Paraná appeared in and provided music for the 1962 Argentine film La Burrerita de Ypacaraí. Along with the Beatles, Marlene Dietrich and others, the band performed at the 1963 Royal Variety Performance at the Prince of Wales Theatre in London before a royal audience, performing "Bésame Mucho" (with Meza on vocals) at the request of the Beatles. The group was also chosen for the 1966 Sanremo Music Festival song contest in Italy.

The group's extravagant outfits and their simplified ballad- or bolero-style arrangements and orchestrations followed the market patterns of commercial popular music of the time, but also brought the band some criticism. Nevertheless, the group remained immensely popular in Paraguay.

By 1974, the group consisted of Paraná, his brother Meza, bandoneonist Alfredo Marcucci, Arsenio Jara, Ángel "Pato" García and Oscar Ramos Ramírez. Paraná died suddenly at age 48 in London in 1974 following an appearance in Moscow, bringing an end to the second iteration of Los Paraguayos.

==1974–2002==
With the death of Paraná, his brother Reynaldo Meza took over as Reynaldo Meza y los Paraguayos leading the band until his death in July 2002.

==Other groups==
With the success of Paraná's Paraguayos, other similar groups sought to capitalize on their popularity.

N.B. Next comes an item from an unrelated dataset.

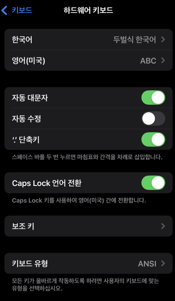 - 설정 > 키보드 > 하드웨어 키보드 에서

Another band, Los 3 Paraguayos also performed and recorded in Europe in the early 1960s and soon split to form Félix De Ypacaraí y sus Paraguayos, Los Fabulosos 3 Paraguayos and Pablito y sus Trovadores Paraguayos.

The comedy rock band, Alberto y Lost Trios Paranoias, from the 1970s took their name as a satirical version of Luis Alberto del Paraná y su Trío Los Paraguayos.